What you should do:
As you work through the listing below, copy each line exactly and drop the images.

**** Dataset section

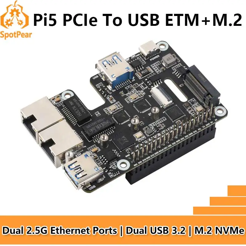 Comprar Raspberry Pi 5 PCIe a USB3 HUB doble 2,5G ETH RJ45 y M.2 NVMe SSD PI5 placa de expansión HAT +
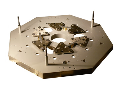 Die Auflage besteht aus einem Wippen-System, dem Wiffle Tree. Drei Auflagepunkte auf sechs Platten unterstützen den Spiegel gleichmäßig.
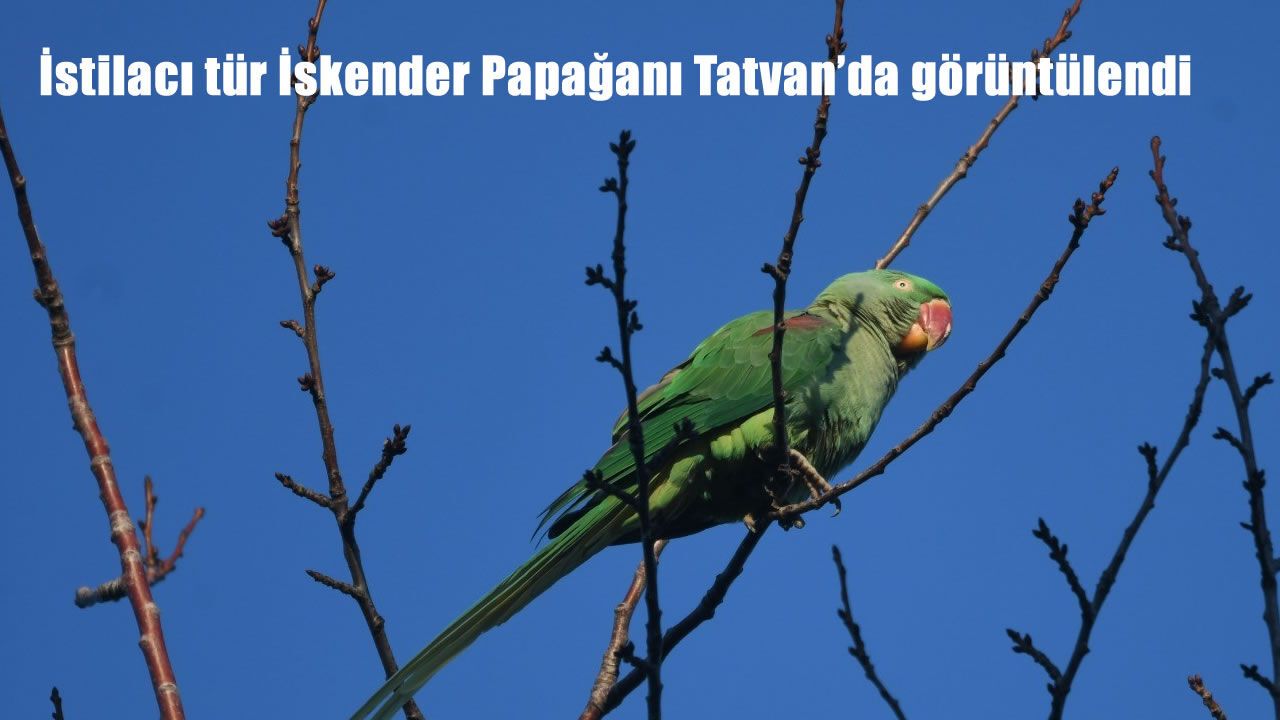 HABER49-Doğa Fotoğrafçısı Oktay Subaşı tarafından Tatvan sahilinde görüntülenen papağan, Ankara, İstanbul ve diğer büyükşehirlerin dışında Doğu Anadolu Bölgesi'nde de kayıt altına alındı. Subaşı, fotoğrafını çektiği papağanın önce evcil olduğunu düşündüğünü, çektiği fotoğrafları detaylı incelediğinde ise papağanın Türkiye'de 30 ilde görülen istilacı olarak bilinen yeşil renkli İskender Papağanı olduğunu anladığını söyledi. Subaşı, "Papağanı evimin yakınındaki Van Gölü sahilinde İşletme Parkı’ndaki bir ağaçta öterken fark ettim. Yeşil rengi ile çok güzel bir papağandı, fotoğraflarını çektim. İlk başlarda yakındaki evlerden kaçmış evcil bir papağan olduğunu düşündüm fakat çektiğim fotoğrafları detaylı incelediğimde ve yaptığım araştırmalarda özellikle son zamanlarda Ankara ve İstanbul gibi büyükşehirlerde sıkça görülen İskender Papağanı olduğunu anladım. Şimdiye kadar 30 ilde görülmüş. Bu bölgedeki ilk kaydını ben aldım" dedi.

********

Solution to this exercise:
 Comprar Raspberry Pi 5 PCIe a USB3 HUB doble 2,5G ETH RJ45 y M.2 NVMe SSD PI5 placa de expansión HAT +
 Die Auflage besteht aus einem Wippen-System, dem Wiffle Tree. Drei Auflagepunkte auf sechs Platten unterstützen den Spiegel gleichmäßig.
 HABER49-Doğa Fotoğrafçısı Oktay Subaşı tarafından Tatvan sahilinde görüntülenen papağan, Ankara, İstanbul ve diğer büyükşehirlerin dışında Doğu Anadolu Bölgesi'nde de kayıt altına alındı. Subaşı, fotoğrafını çektiği papağanın önce evcil olduğunu düşündüğünü, çektiği fotoğrafları detaylı incelediğinde ise papağanın Türkiye'de 30 ilde görülen istilacı olarak bilinen yeşil renkli İskender Papağanı olduğunu anladığını söyledi. Subaşı, "Papağanı evimin yakınındaki Van Gölü sahilinde İşletme Parkı’ndaki bir ağaçta öterken fark ettim. Yeşil rengi ile çok güzel bir papağandı, fotoğraflarını çektim. İlk başlarda yakındaki evlerden kaçmış evcil bir papağan olduğunu düşündüm fakat çektiğim fotoğrafları detaylı incelediğimde ve yaptığım araştırmalarda özellikle son zamanlarda Ankara ve İstanbul gibi büyükşehirlerde sıkça görülen İskender Papağanı olduğunu anladım. Şimdiye kadar 30 ilde görülmüş. Bu bölgedeki ilk kaydını ben aldım" dedi.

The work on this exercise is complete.